The project is guided by:
Hemanta Kumar Mondal, National Institute of Technology Durgapur
Shirshendu Das, Indian Institute of Technology Ropar
Dip Sankar Banerjee, Indian Institute of Technology Jodhpur
Power efficiency is one of the grand challenge problems facing computer architecture in recent years. Driven by the growth towards green computing, it is imperative to design architectures that can provide maximum power savings while incurring minimal overhead on real estate and performance. Towards this, we propose a state-preserving mechanism for dynamically configuring DRAM banks based on utilization. We propose a novel mechanism via which it is possible to dynamically power down and power on banks while taking the bank utilization and overall performance into account. Over extensive experimentation using memory-intensive applications, we can observe a power savings of up to 12.31% while incurring an average performance loss of 0.82% over baseline executions.
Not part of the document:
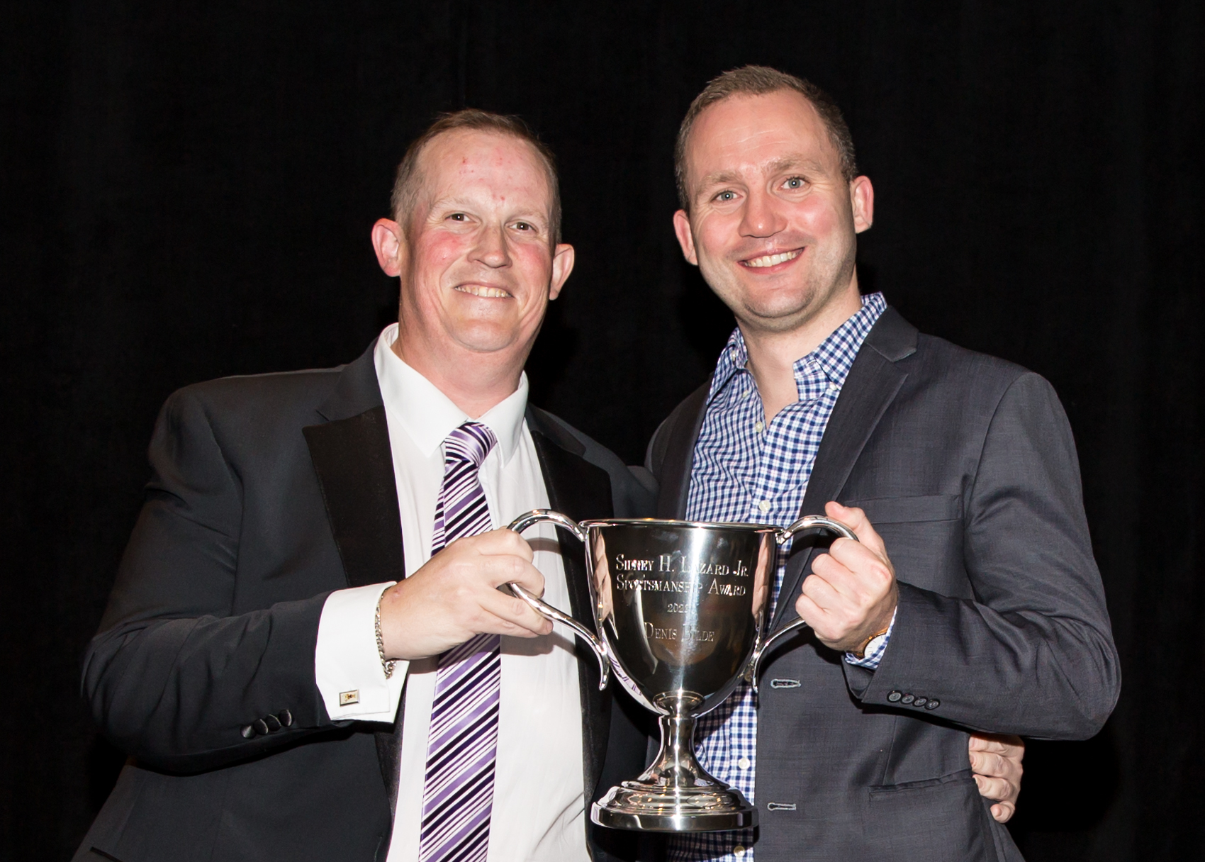 Dennis Bilde har fået overrakt trofæet som vinder af Sidney Lazard Sportsmanship Award. Bilde fik egentlig tildelt prisen i 2020, men trofæet er først blevet overrakt nu på grund af corona.

We designed a mess management software solution as a part of the CS351: Software Engineering undergraduate course. The project was also a part of the associated lab for the course. The entire design was implemented using django framework. The code was written in python. The project was carried out in a group of three students.
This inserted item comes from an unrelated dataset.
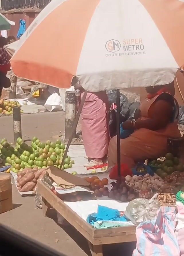 small street-side fruit and vegetable stand being manned by a woman, likely a vendor. The vendor is under a large orange and white umbrella with a courier service logo on it. A man in an orange shirt appears to be inspecting or potentially buying items from the vendor's display. The stand is located on what appears to be a city street, evident from the sidewalk and nearby buildings. The stand has a variety of produce including green fruits, onions, oranges, sweet potatoes, and other vegetables displayed on wooden platforms and in piles. There is a bag in the background, possibly containing more stock or personal belongings. A barbed wire fence is visible in the background. The video appears to be shot from inside a car, as suggested by the dark frame on one side.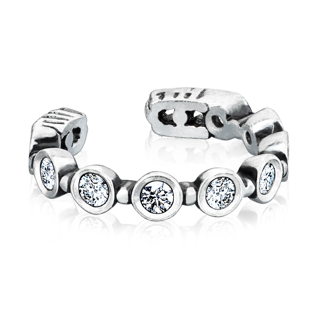 Ci sono anche 9 piccole pietre chiare che si trovano sull'earcuff. Queste sono disposte in un semicerchio che corre da un'estremità all'altra del pezzo. Ogni pietra ha una misura di 1,5 mm di diametro, infatti sono molto piccole. Tuttavia possono comunque catturare l'attenzione delle persone soprattutto quando la luce li colpisce.

We designed a project management software solution as a part of the CS241: Database Management undergraduate course. The backend was implemented using DBMS software mySQL. The front end was written using php. Designing the web pages was done using HTML and CSS. The project was carried out in a group of three students.
As a part of CS360: Compilers Lab, we designed a basic compiler. The compiler was able to generate RISC-V assembly for a given C++ code with limited functionalities. The project was carried out in a group of three. The features of the compiler include syntax and semantic analysis and code generation. Necessary documentation was also compiled.